◆ **Source data**:
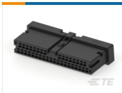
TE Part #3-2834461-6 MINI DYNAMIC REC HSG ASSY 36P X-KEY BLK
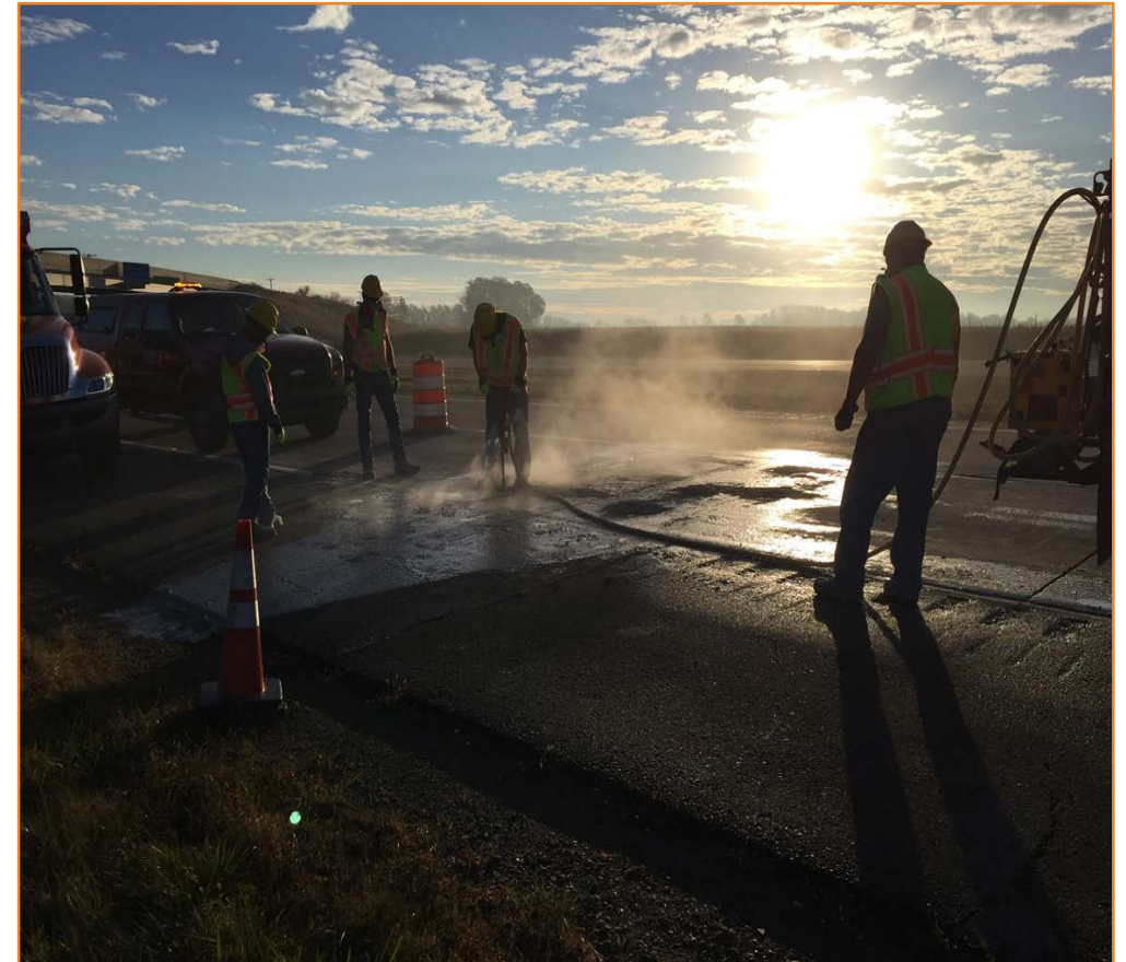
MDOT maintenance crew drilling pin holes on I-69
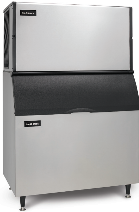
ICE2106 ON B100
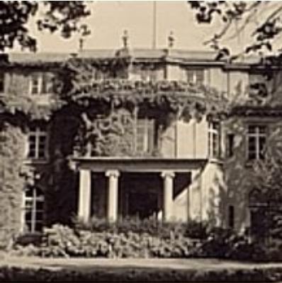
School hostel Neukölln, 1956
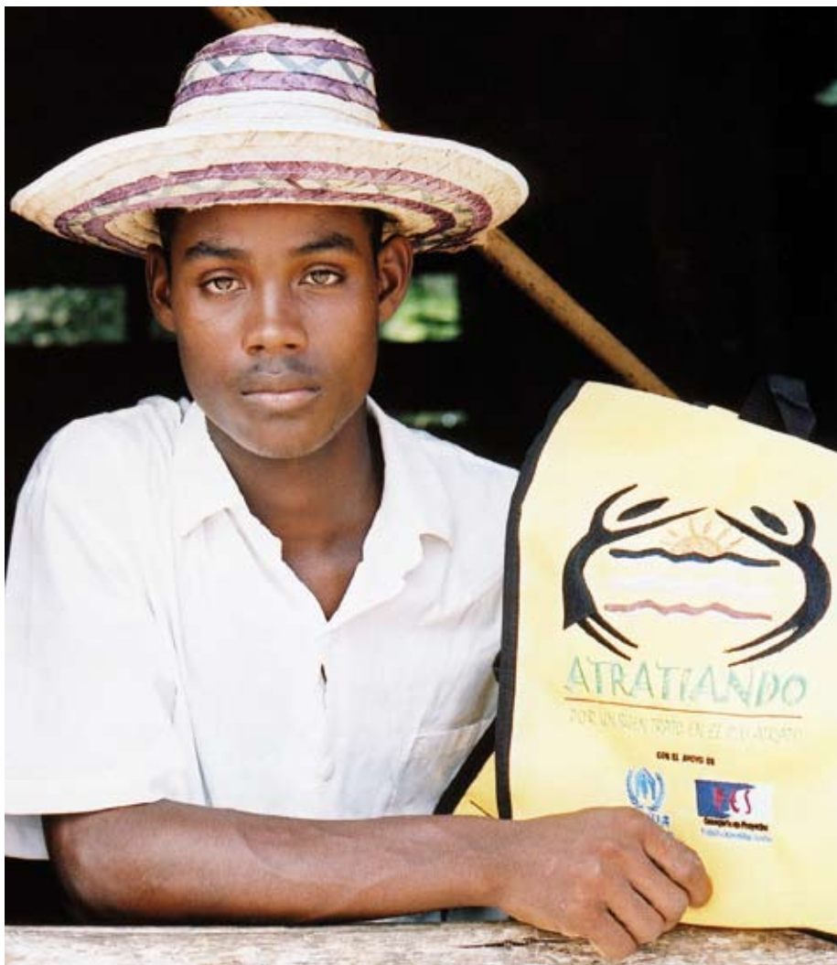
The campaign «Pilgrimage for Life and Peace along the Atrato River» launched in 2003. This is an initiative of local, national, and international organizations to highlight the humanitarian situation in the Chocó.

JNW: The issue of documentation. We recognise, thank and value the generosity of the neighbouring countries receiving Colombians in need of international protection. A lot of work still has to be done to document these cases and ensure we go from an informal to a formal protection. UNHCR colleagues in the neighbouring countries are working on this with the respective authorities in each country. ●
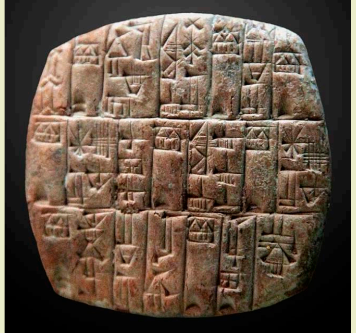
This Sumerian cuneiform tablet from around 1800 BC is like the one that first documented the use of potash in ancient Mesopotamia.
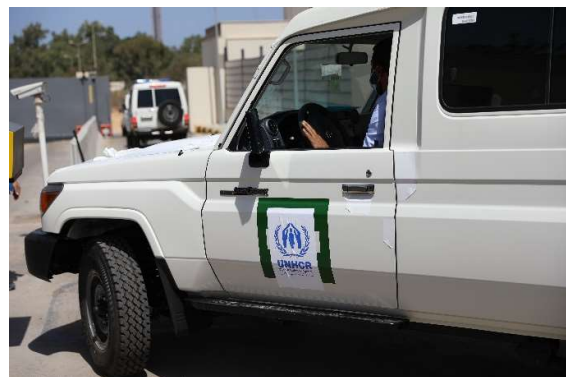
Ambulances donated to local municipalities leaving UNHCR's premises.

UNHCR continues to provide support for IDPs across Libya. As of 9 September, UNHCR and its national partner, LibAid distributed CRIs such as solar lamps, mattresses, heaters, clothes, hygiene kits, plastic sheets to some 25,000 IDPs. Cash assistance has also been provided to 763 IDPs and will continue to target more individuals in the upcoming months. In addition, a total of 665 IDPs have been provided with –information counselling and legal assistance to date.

==

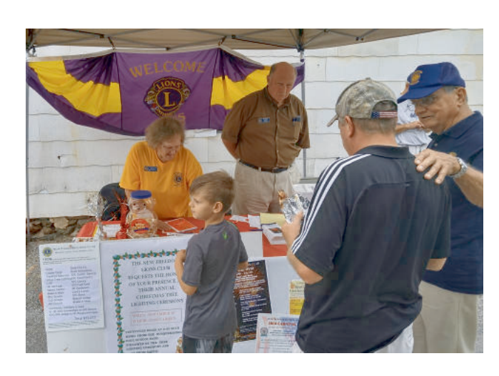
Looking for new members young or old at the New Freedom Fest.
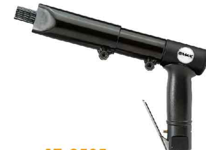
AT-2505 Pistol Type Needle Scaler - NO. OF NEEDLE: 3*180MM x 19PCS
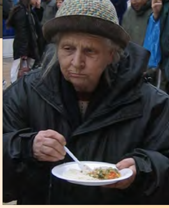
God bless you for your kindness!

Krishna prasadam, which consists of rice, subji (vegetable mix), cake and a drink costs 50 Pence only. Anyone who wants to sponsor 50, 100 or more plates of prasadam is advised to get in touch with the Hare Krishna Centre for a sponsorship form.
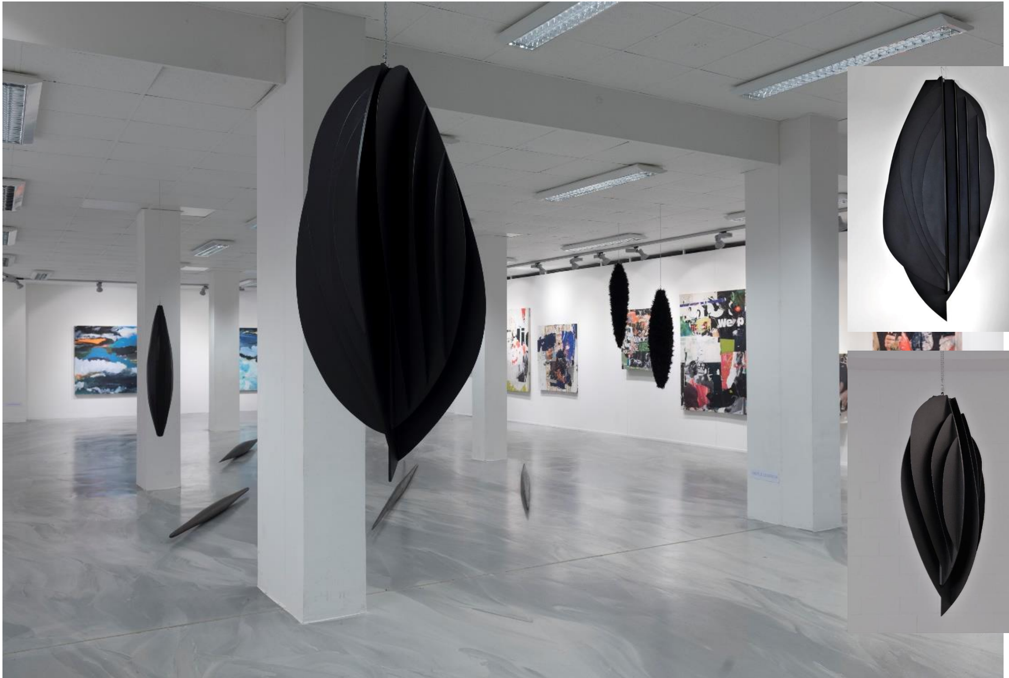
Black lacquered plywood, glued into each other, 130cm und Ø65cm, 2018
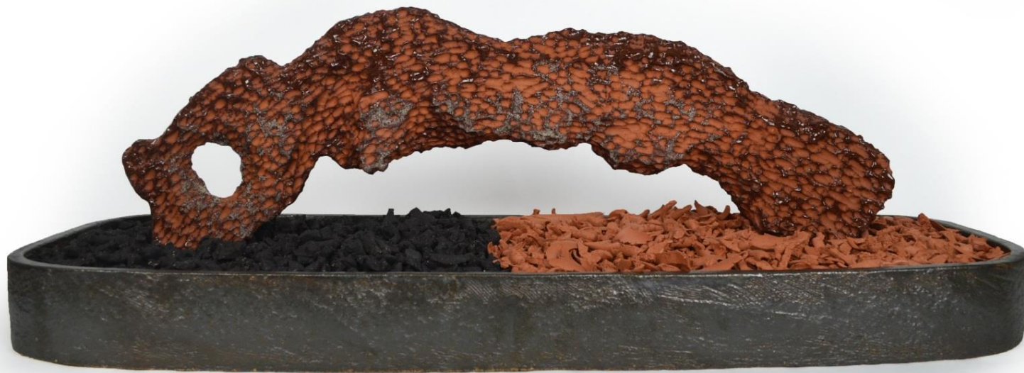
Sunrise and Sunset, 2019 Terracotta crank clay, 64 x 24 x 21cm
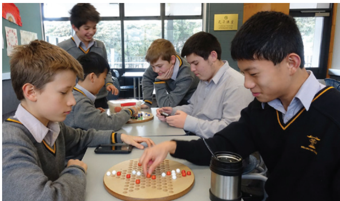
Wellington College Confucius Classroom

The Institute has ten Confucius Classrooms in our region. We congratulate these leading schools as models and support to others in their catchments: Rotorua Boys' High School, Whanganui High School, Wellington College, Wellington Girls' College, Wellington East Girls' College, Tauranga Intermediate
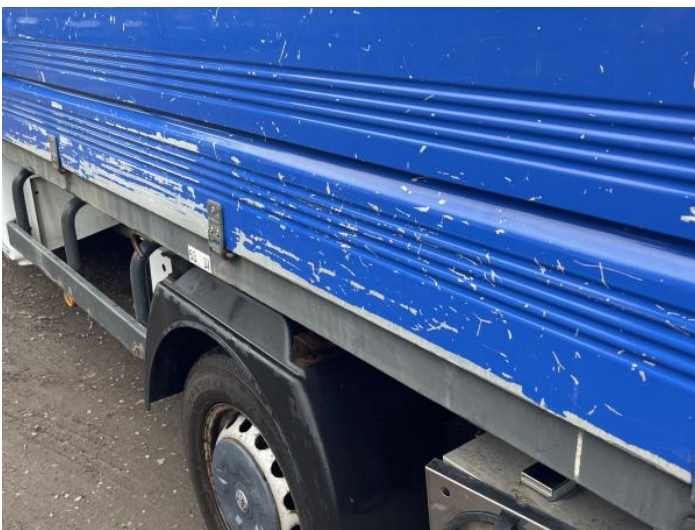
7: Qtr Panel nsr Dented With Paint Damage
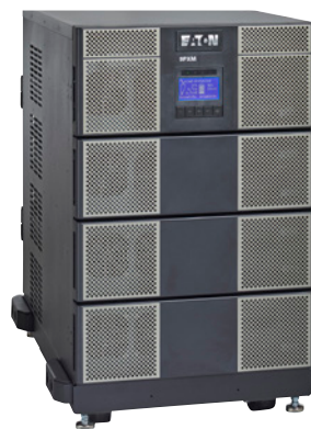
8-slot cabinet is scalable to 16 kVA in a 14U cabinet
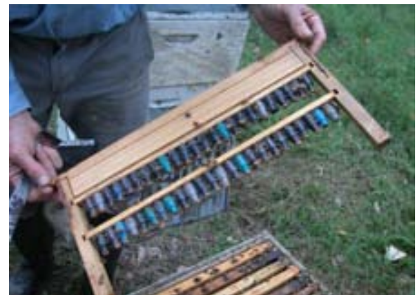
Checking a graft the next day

...

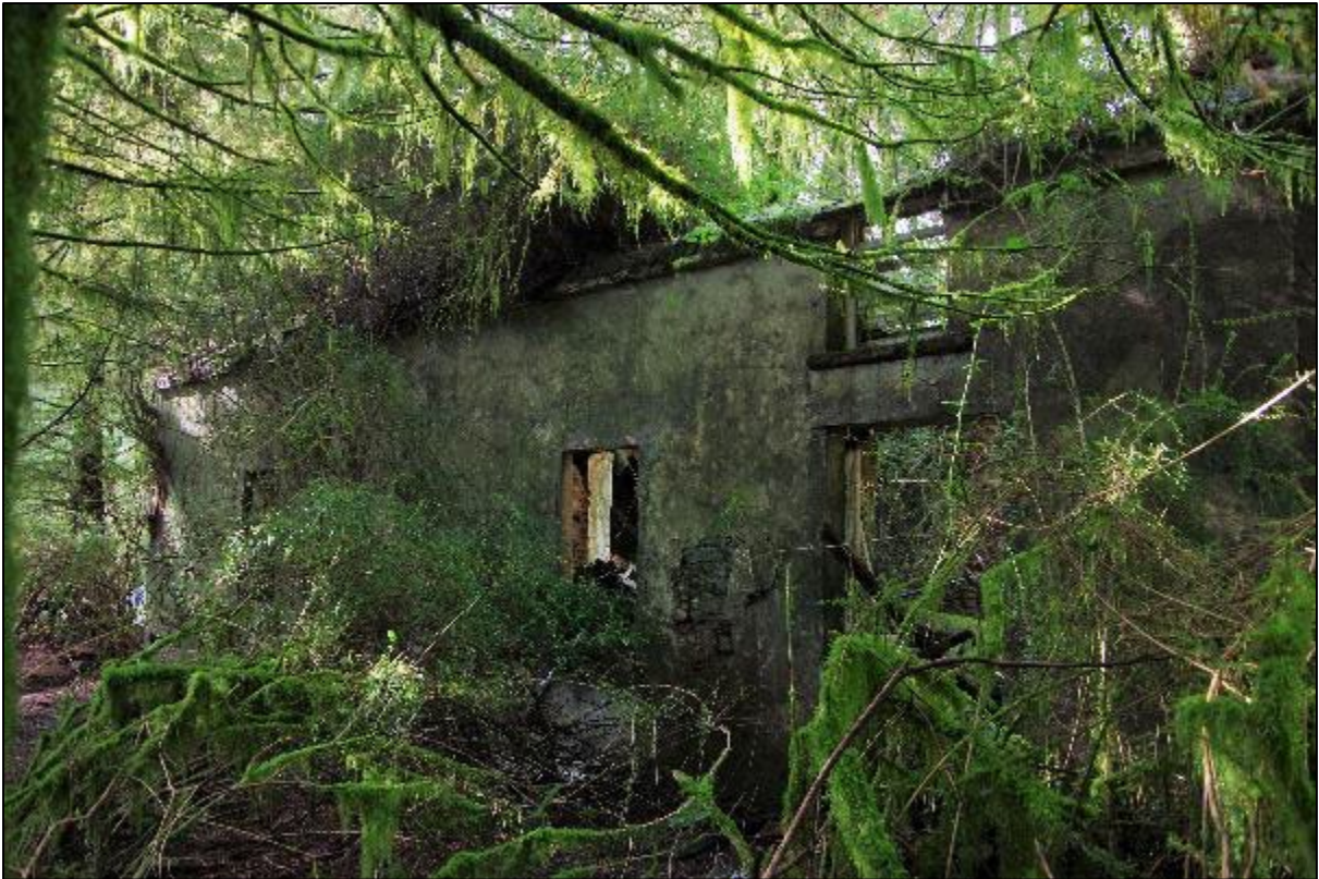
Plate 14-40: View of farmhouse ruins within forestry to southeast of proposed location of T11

◆ **What to work on**: Search the data for the string "local". List each line that has it.

◆ **Result of this exercise**:
The campaign «Pilgrimage for Life and Peace along the Atrato River» launched in 2003. This is an initiative of local, national, and international organizations to highlight the humanitarian situation in the Chocó.
Ambulances donated to local municipalities leaving UNHCR's premises.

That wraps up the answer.